Все мертвые собрались.
Среди музыкантов был и гусляр Олег. Яснорада смотрела на него, а видела Богдана. Но ее внимание перехватила другая фигура, что застыла посреди площади. Вытянутая, худая, совсем не плечистая. Бесцветные волосы, невзрачные черты лица. Выделялись только глаза — круглые, ярко-желтые, с каким-то странным зрачком, который Яснорада со своего места разглядеть не могла.
Полоз.
Большинство мужей Кащеева града носили зипуны из простого сукна, дворцовые — кафтаны из аксамита и бархата.

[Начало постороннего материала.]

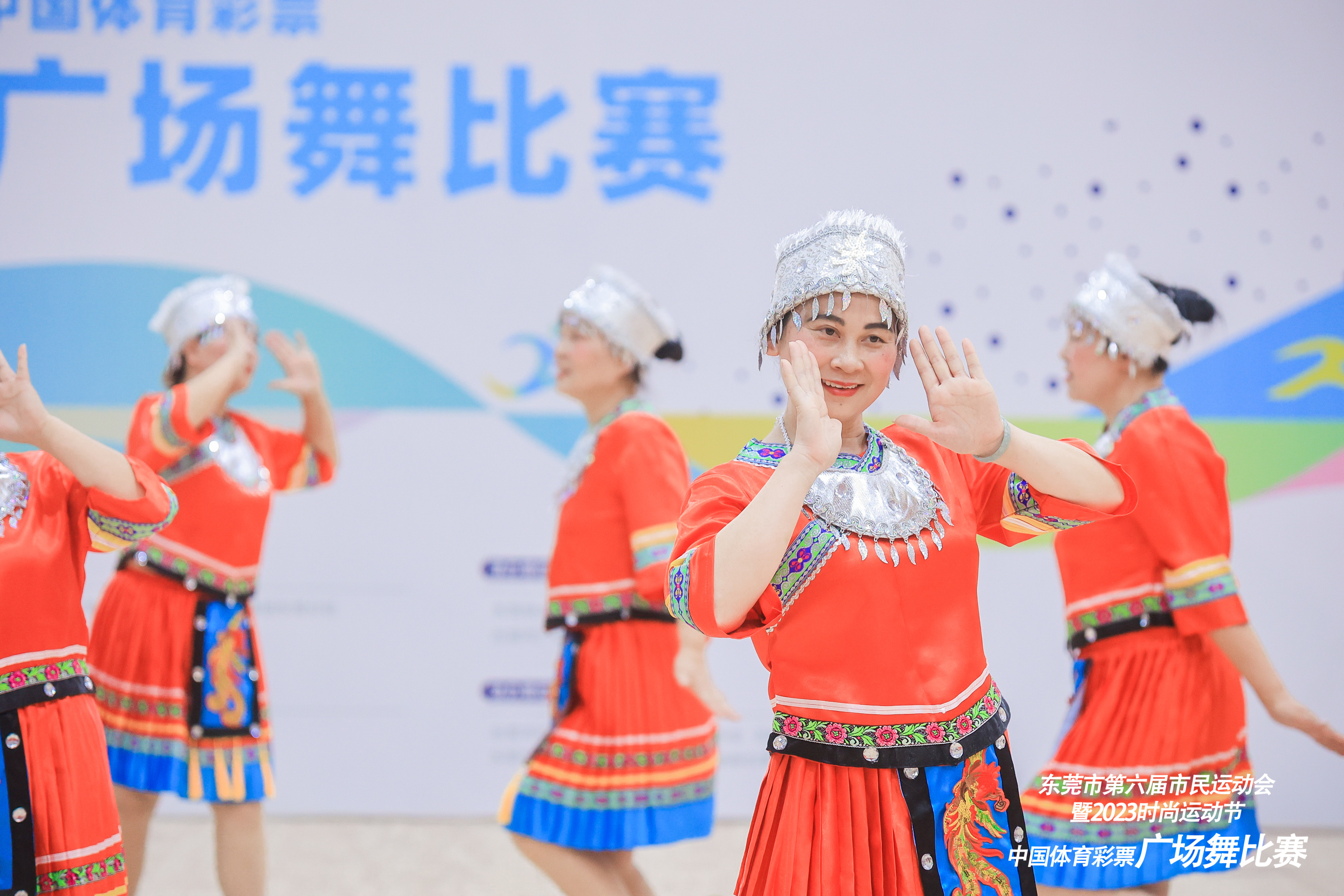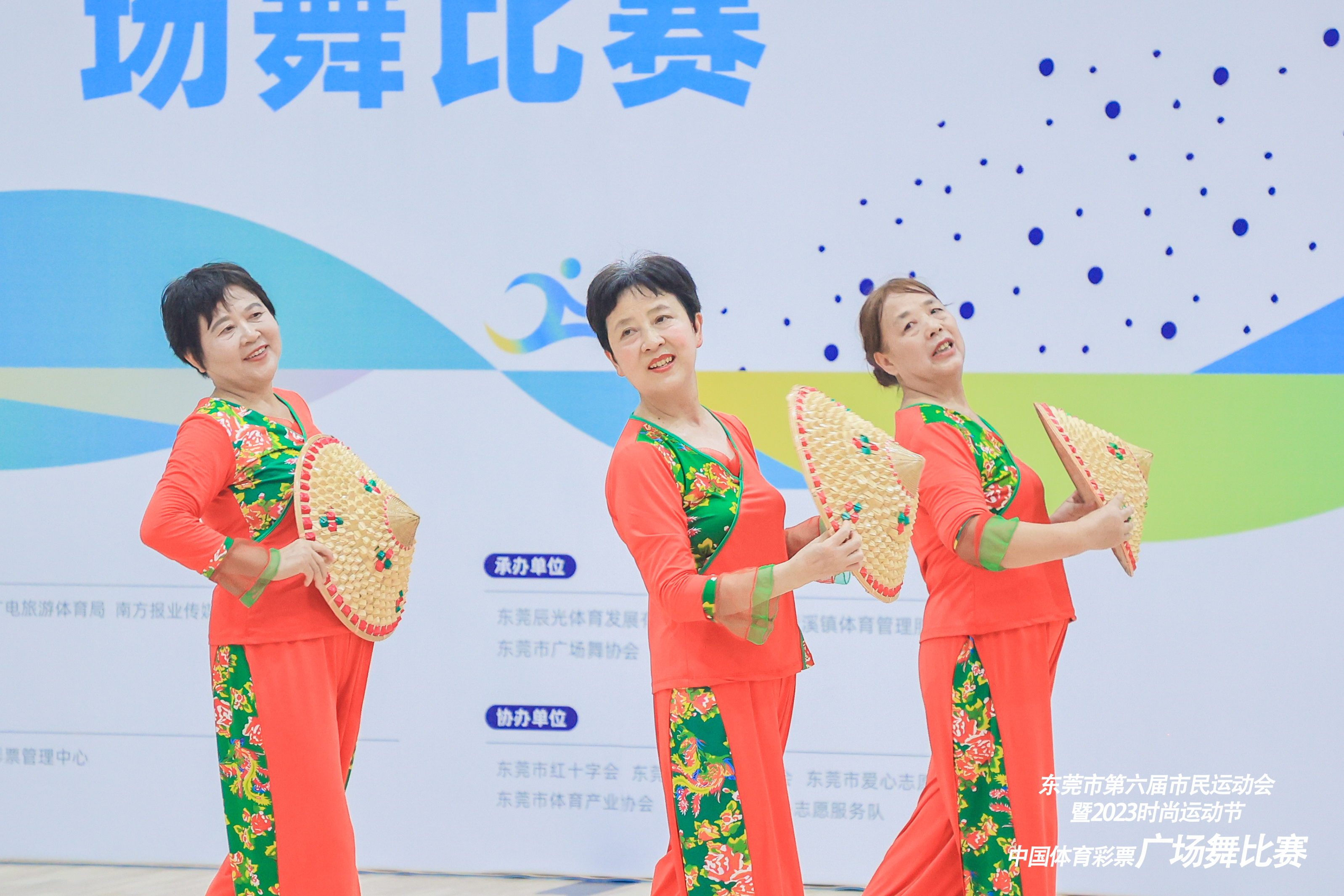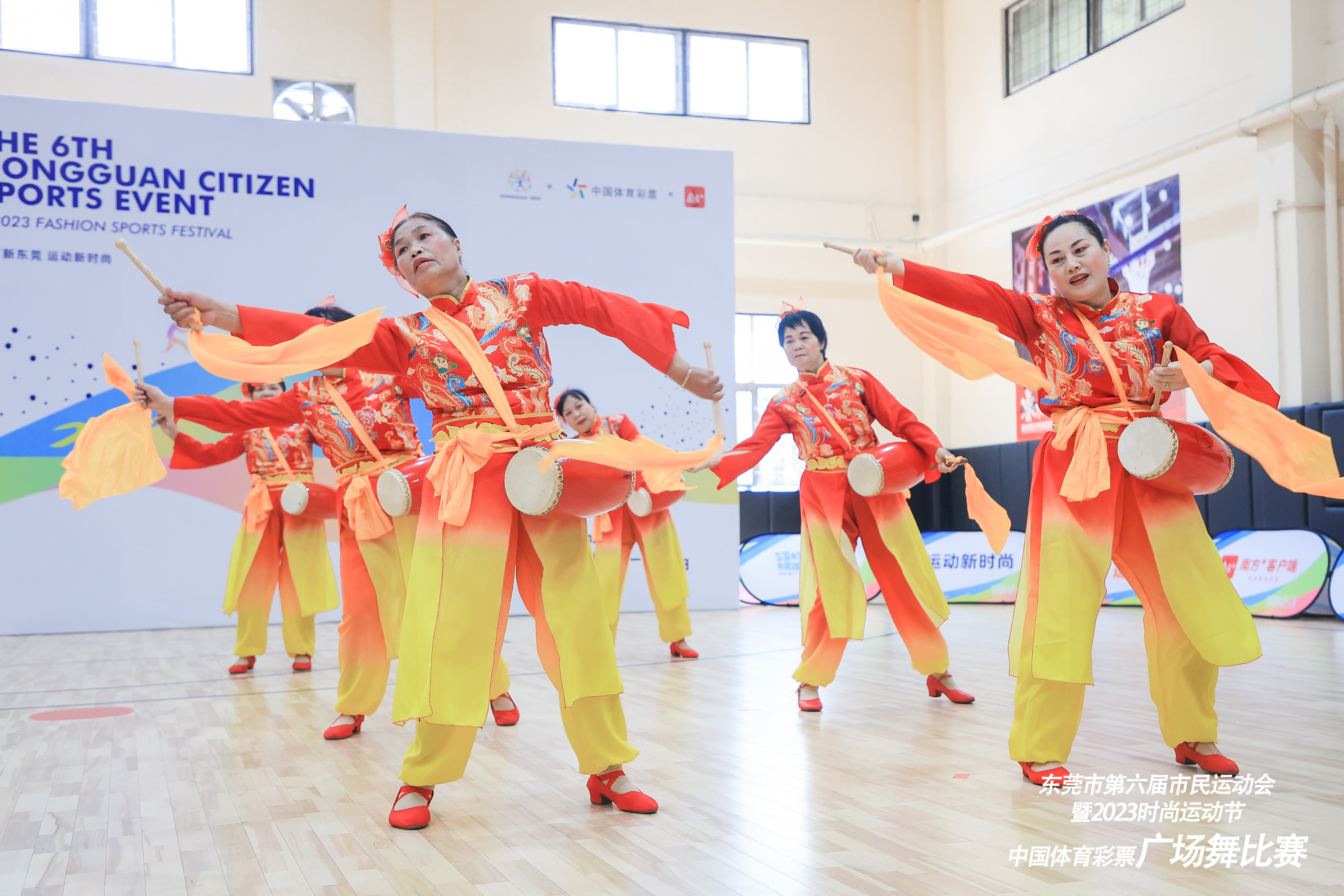 本届东莞市第六届市民运动会暨2023年时尚运动节(广场舞)比赛设置了青年组、中年组、老年组三个组别,各队伍自行编排节目参加比赛,不仅有《中国红》《欢唱中国梦》《我爱你中国》等歌舞展现对祖国山河的热爱,也有《我在茶乡等你来》《江西姑娘》等极具地方风情的表演。

Последние опускались до щиколоток, открывая лишь сапоги. К моде мертвого города Полоз, царь заморский, вряд ли приучен, но и его кафтан ниспадал до самой земли. Подол в золоте, будто вторя убранству Драгославы, вот только это золото было настоящим.
Кащей стоял по правую руку от Полоза, Морана — напротив, рядом с невестами. Царь был очень худ. Не хотела Яснорада заглядывать ему в глаза — неживые, холодные, запавшие, но еще жутче смотреть на его скуластое лицо и отчетливо видеть обернутый бледной, сероватой кожей человеческий череп.
Полы царского кафтана дворцовые мастерицы украсили позументами, верхнюю часть оторочили вышитым воротником. Морана по своему обычаю облачилась в серебро и белила, что спадали с плеч и шлейфом тянулись за ней.
Невесты по одной подходили к Полозу, кланялись и здоровались. Взгляд заморского царя бесстрастно скользил по их лицам. Подошла и Яснорада. Вздрогнула, разглядев Полозовы глаза: зрачок его будто сжали с обеих сторон и вертикально поставили. «Даже в его глазах — холод и золото», — подумала она невольно, выдавливая нужные слова.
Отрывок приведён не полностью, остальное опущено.